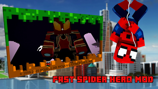 The youngest of the superheroes is a man avenger, a hunter for criminals, who caught both bandits and mafia leaders. After adding the hero's sandbox to the game, there will be no problems with fast movement between biomes, you will have a glove with sticky web that will allow you to move between skyscrapers and ordinary houses. Stark technologies have added a functional menu in which you can select several unique parameters that will increase the speed, strength and height of the jump. The supplement contains a suit of Iron Man and other Avengers. Also, gloves contain laser weapons that can both destroy bosses and help you move around the sky. You will fly up into the sky like a flash, so quickly that the enemies will lose sight of you, but they will all remain at the standard level, some changes will overtake hostile mobs. Flying goblins, thieves and other criminals have also been added, the pursuit of which will be your main task. After you put everyone in jail, start quickly exploring the area and battles with the stronger inhabitants of the desert lands - a withered boss and a siren head. The web will make it easier for you to move, and also allow you to control the enemy with a net. The armor contains wings for silent landing behind the backs of enemies. Certainly great functionality and your skill can make a splash, enemies will consider you a cheater with such and such opportunities. Invite friends, take part in races and battles, increased armor durability and powerful weapons will not allow defeat. Even without wearing a skin, you will have access to all the functionality of crafting equipment, put on a noob mask and let everyone think who is the real owner of the superpower among us. If you want to fight against a mob with all the capabilities, then go to creative mode, select the desired egg and spawn both good and bad mobs. If you fail to contain the horror that robbers, goblins and other mobs can bring to the villages, create equipment and, like sound, rush through taking away weapons and shackling enemies in a web.
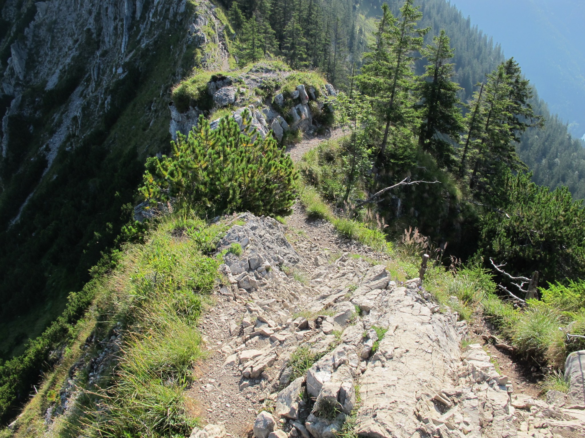 Only yesterday, it seemed reasonable to add the Bodenschneid to the Brecherspitz-tour, facing the fact that 500-something-meters altitude difference are way below my possibilities. Now I wonder when and in which state I will reach the Obere Firstalm, aiming for shadow even more than for a light meal.
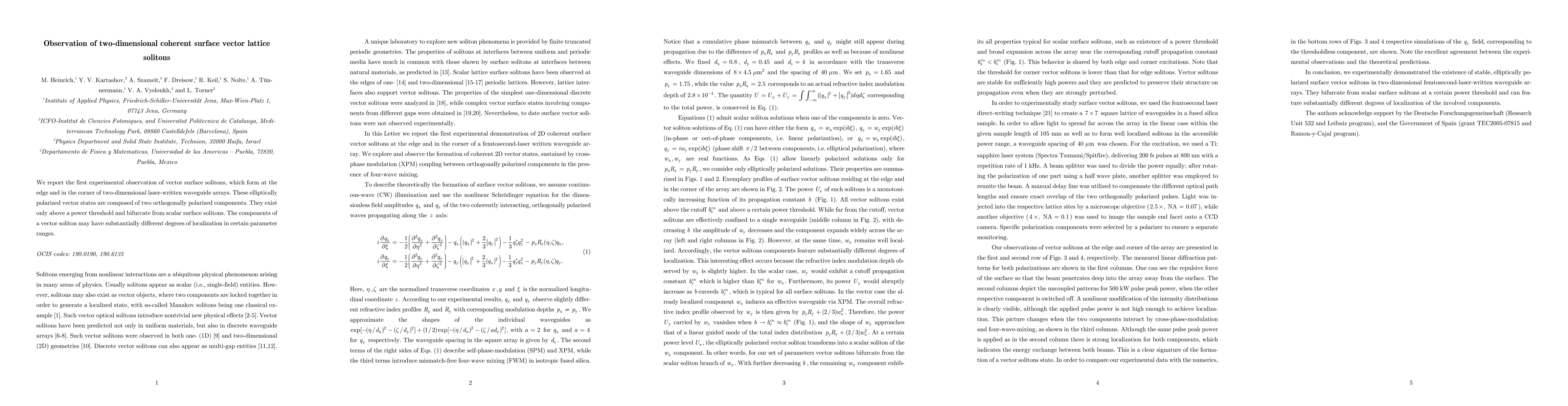 This paper reports the first experimental observation of vector surface solitons in two-dimensional laser-written waveguide arrays, which exhibit elliptical polarization and bifurcate from scalar solitons above a power threshold. The vector solitons' components can have varying degrees of localization.
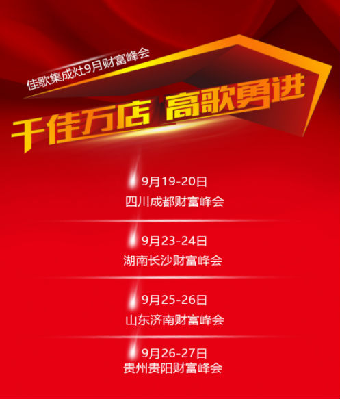 八月結(jié)束了,但佳歌集成灶“千佳萬(wàn)店 高歌勇進(jìn)”全國(guó)優(yōu)商甄選計(jì)劃并沒(méi)有停下腳步,錯(cuò)過(guò)了八月沒(méi)有關(guān)系,九月的財(cái)富峰會(huì)已經(jīng)安排上了,就等你!
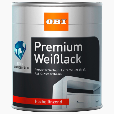 Az OBI Premium fehér lakk oldószertartalmú, kiváló feldolgozási tulajdonságokkal rendelkező aromamentes műgyanta-lakk, tapadásmentes, ütődés-, ütés- és karcolásálló, kiváló terülőképességű, nagy fedőképességű, az időjárásnak rendkívül ellenáll, fényét megőrzi, szagtalan és gazdaságos. Tartalma kb. 7,5 m2-re elegendő.
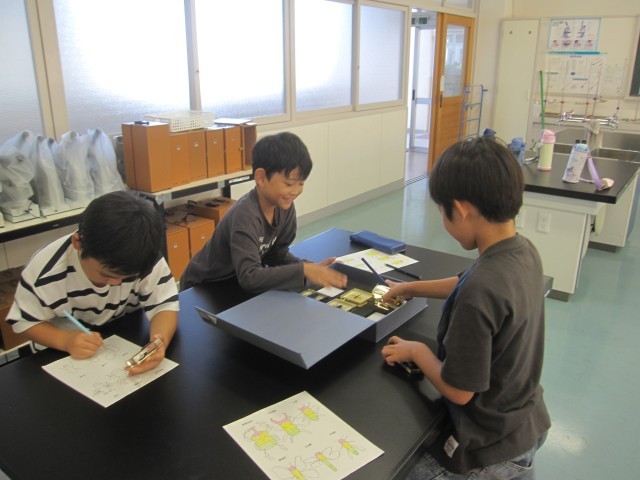 こん虫の成虫のからだは、どれも、頭、むね、はらからできていて、むねにあしが6本あることがわかりました。

→ YOUR OBJECTIVE: Print, please, exactly the lines from the one holding "Only yesterday, it" through the final line of the data, both included, while leaving out each picture.

→ TASK ANSWER:
 Only yesterday, it seemed reasonable to add the Bodenschneid to the Brecherspitz-tour, facing the fact that 500-something-meters altitude difference are way below my possibilities. Now I wonder when and in which state I will reach the Obere Firstalm, aiming for shadow even more than for a light meal.
 This paper reports the first experimental observation of vector surface solitons in two-dimensional laser-written waveguide arrays, which exhibit elliptical polarization and bifurcate from scalar solitons above a power threshold. The vector solitons' components can have varying degrees of localization.
 八月結(jié)束了,但佳歌集成灶“千佳萬(wàn)店 高歌勇進(jìn)”全國(guó)優(yōu)商甄選計(jì)劃并沒(méi)有停下腳步,錯(cuò)過(guò)了八月沒(méi)有關(guān)系,九月的財(cái)富峰會(huì)已經(jīng)安排上了,就等你!
 Az OBI Premium fehér lakk oldószertartalmú, kiváló feldolgozási tulajdonságokkal rendelkező aromamentes műgyanta-lakk, tapadásmentes, ütődés-, ütés- és karcolásálló, kiváló terülőképességű, nagy fedőképességű, az időjárásnak rendkívül ellenáll, fényét megőrzi, szagtalan és gazdaságos. Tartalma kb. 7,5 m2-re elegendő.
 こん虫の成虫のからだは、どれも、頭、むね、はらからできていて、むねにあしが6本あることがわかりました。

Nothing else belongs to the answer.